I've been investigating this a little further and think I found some other
issues. Our data team changed the stored procedure to stop aliasing the
column names, so passing the mapped columns right into .columns() is
working (in other words, the rest of this post doesn't reflect my use case
anymore :)).

However, labels no longer work as arguments to .columns() unless I go back
to 0.9.1 logic by setting ._textual=False and .use_labels = True. Also,
passing keyword arguments to .columns() only works if the names line up
with the result set names, i.e. using the position as a key seems to be
disabled for TextAsFrom objects.

Here's a gist of the nose test suite that helped me figure out what was
working and what wasn't: https://gist.github.com/garaden/8835587


On Sun, Feb 2, 2014 at 5:42 PM, Michael Bayer <mike...@zzzcomputing.com>wrote:

>
> On Feb 2, 2014, at 4:31 PM, Matt Phipps <matt.the.m...@gmail.com> wrote:
>
> def _trackable_truckload_details():
>     text = db.text("EXEC ODSQuery.SelectBridgeLoadBoard")
>     cols = [col for col in LoadBoard.__table__.c]
>     cols = map((lambda x: label('ODSQuery_tblLoadBoard_' + x.name, x)),
> cols)
>     mobile_cols =
> LoadMobileTracking.load_mobile_tracking_id.property.columns
>     mobile_cols = map((lambda x: label('LoadMobileTracking_' + x.name,
> x)), cols)
>     cols.extend(mobile_cols)
>     taf = text.columns(*cols)
>     return db.session.query(
>         LoadBoard.load,
>         LoadBoard.orgn_stop,
>         LoadBoard.dest_stop,
>
> LoadMobileTracking.load_mobile_tracking_id).from_statement(taf).all()
>
>
> Actually, I'm pretty surprised it worked at all before, without the
> labeling.
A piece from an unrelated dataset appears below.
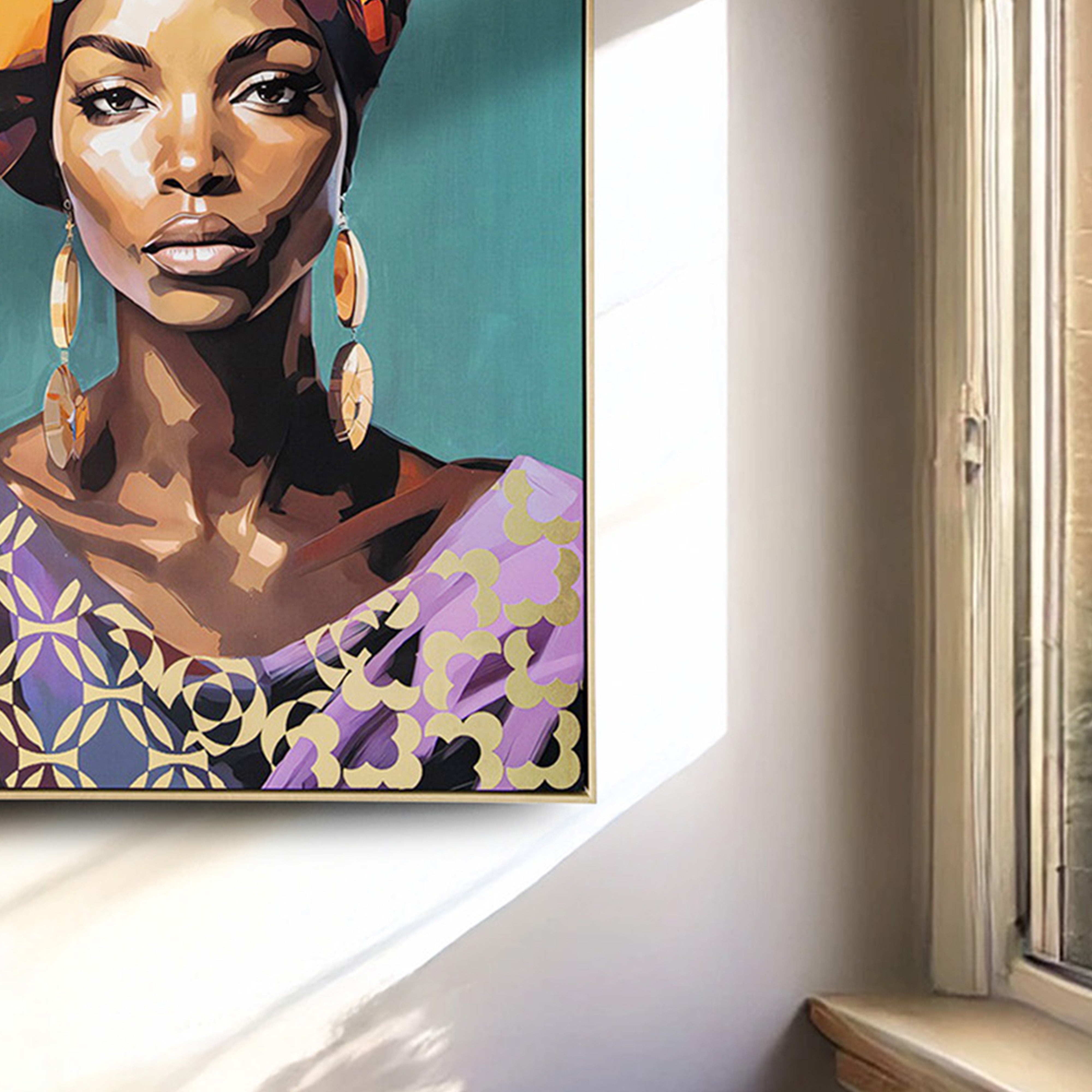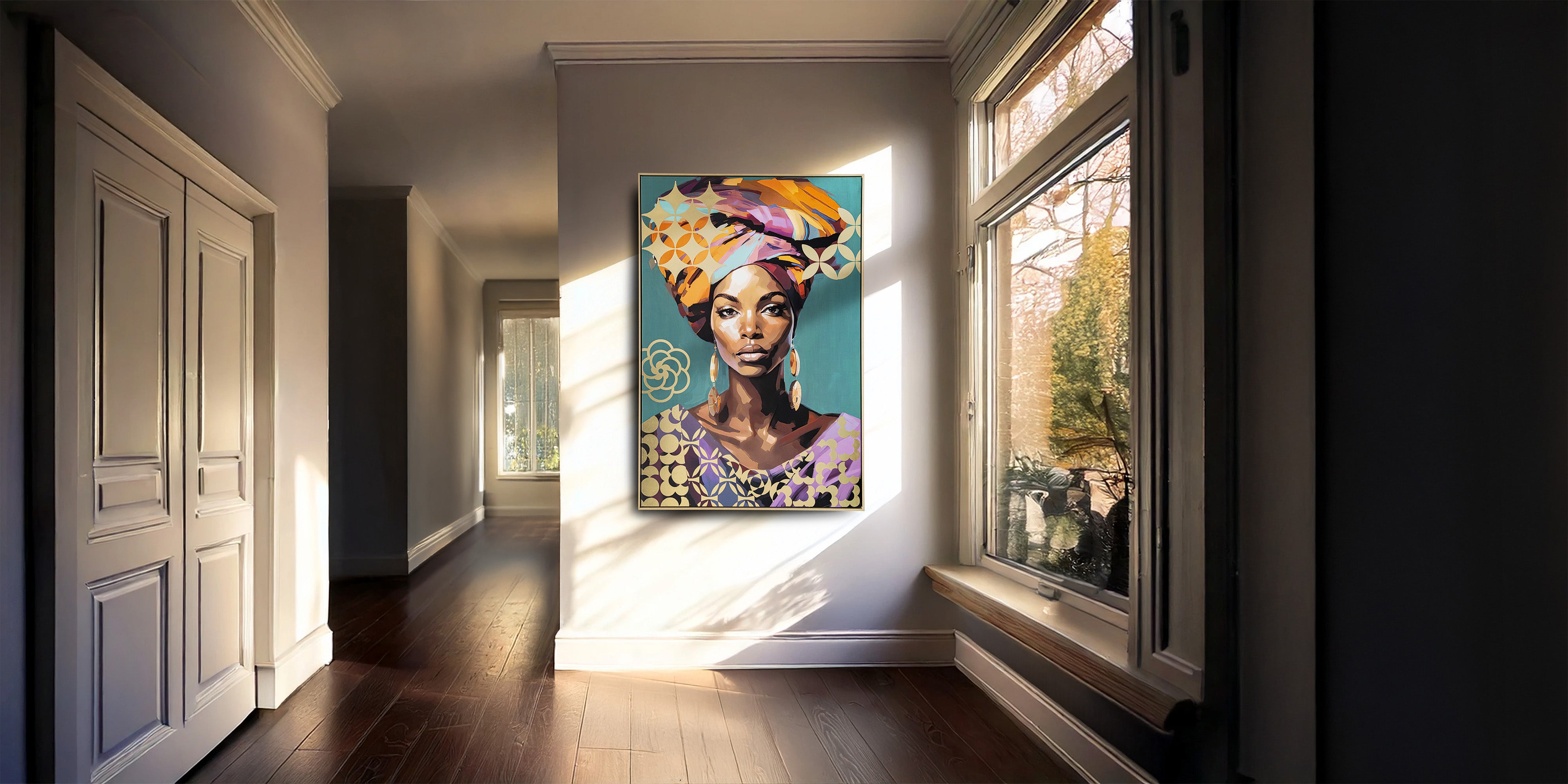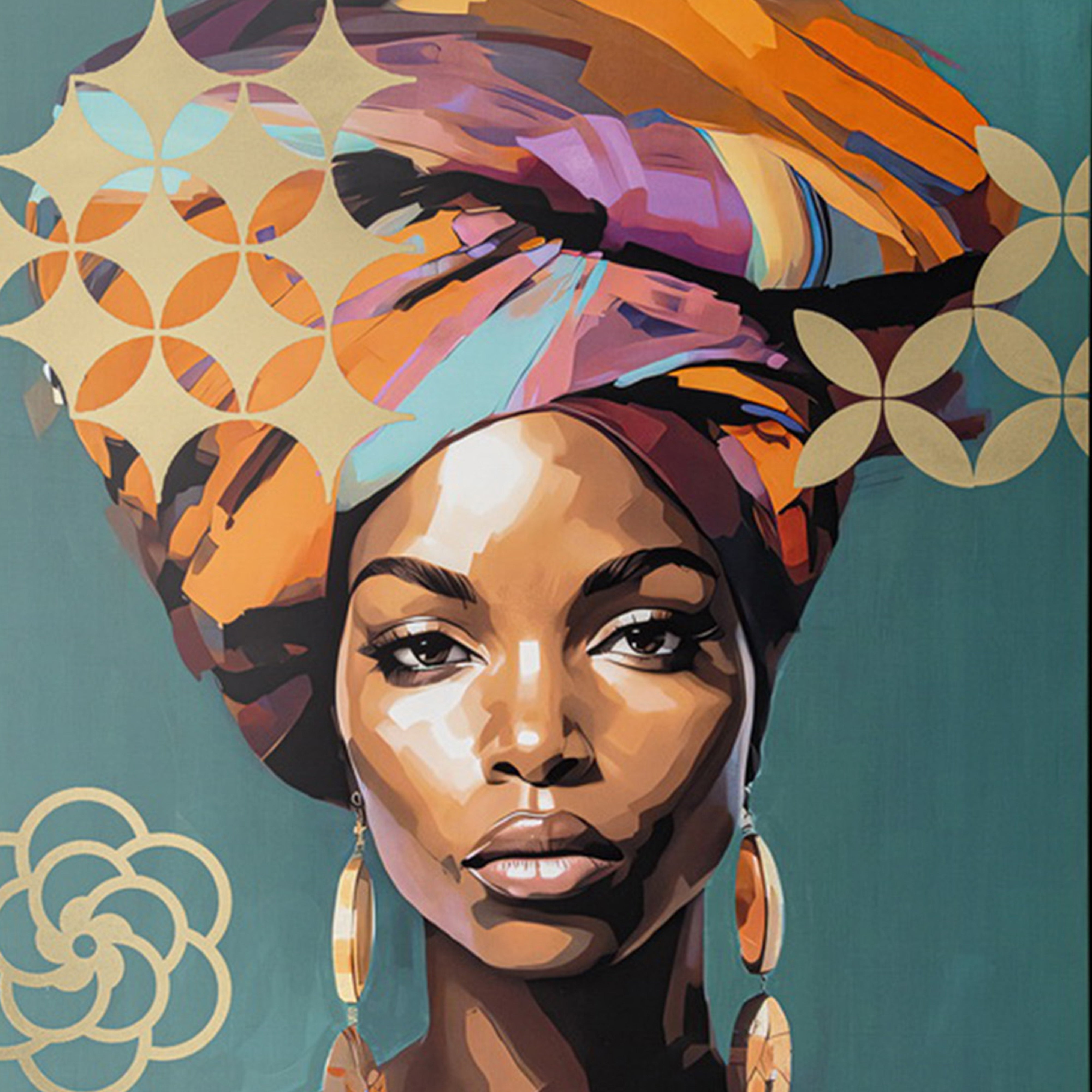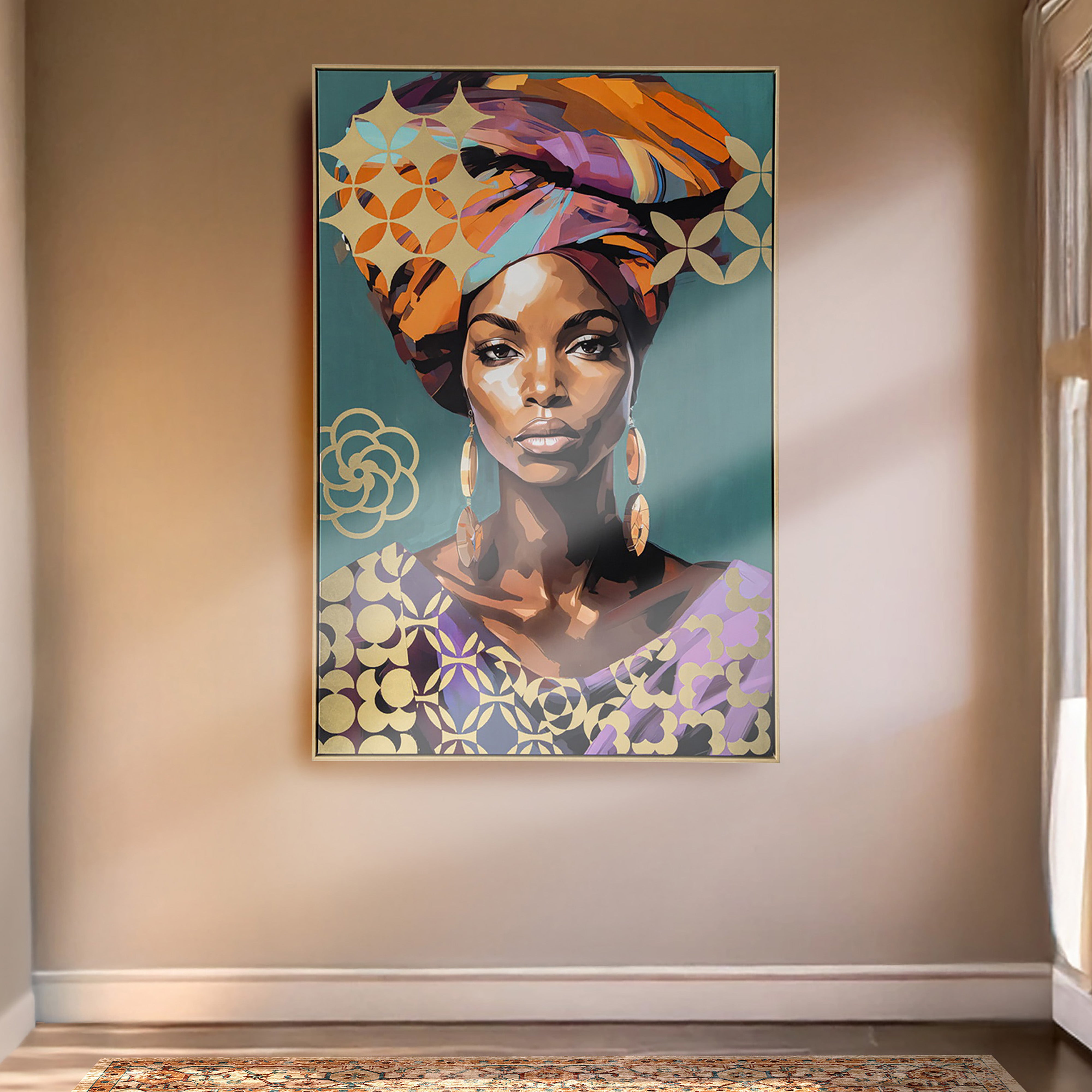 The woman’s serene expression and stylish attire convey a sense of empowerment, grace, and individuality. Her striking presence is complemented by the radiant gold accents, which enhance her elegance and elevate the artwork’s overall appeal. This piece is perfect for those who appreciate art that reflects confidence, beauty, and cultural heritage.

How did it figure out which result set columns went to which ORM
> object?
>
>
> This is because what’s actually going on is more sophisticated than just
> matching up the names.  When the ORM looks for columns in a row, it uses
> the actual Column object to target the column.   If your class is mapped to
> a table “users”, for example, it would look like this:
>
> users = Table(‘users’, metadata, Column(‘id’, Integer), Column(‘name’,
> String))
>
> # … later
>
> for row in conn.execute(some_orm_statement):
>    user_id = row[users.c.id]
>    user_name = row[users.c.name]
>
> that is, we aren’t using strings at all.  When the Core select() object
> (or TextAsFrom in this case) is compiled for the backend, all the Column
> objects it SELECTs from are put into an internal collection called the
> “result_map”, which keys the result columns in several ways, including
> their positional index (0, 1, 2, ..) as well as the string name the
> statement knows they’ll have in the result set (e.g. the label name in this
> case) to all the objects that might be used to look them up.
>
> So using a label(), that adds another layer onto this.  The label() you
> create from an existing Column still refers to that Column, and we say the
> Label object “proxies” the Column.  if you look in mylabel.proxy_set()
> you’ll see that Column.
>
> So when we generate the result_map, we put as keys *all* of the things
> that each label() is a “proxy” for, including the Column objects that are
> in our mapping.  its this large and awkward dictionary structure I’ve had
> to stare at for many years as I often have to fix new issues that have
> arisen (such as this one).
>
> The result is generated, we link the columns in the cursor.description by
> string name to the string names we know are rendered in the final compiled
> construct, the result set now knows that all the Column/Label objects
> corresponding to “id” are linked to that column and that’s how the lookup
> proceeds.
>
>
>
>> I’m committing 2932 in a moment and I’m super really hoping I can put out
>> 0.9.2 today but it’s easy for me to run out of time, but 0.9.2 is
>> definitely due.
>>
>
> That would be awesome! Incidentally though, would this labeling still work
> once the fix is in?
>
>
> all the existing mechanisms are maintained and I’ve just made some of the
> matching logic a bit more liberal here, so should be fine.  It’s all
> committed if you want to try out the git master.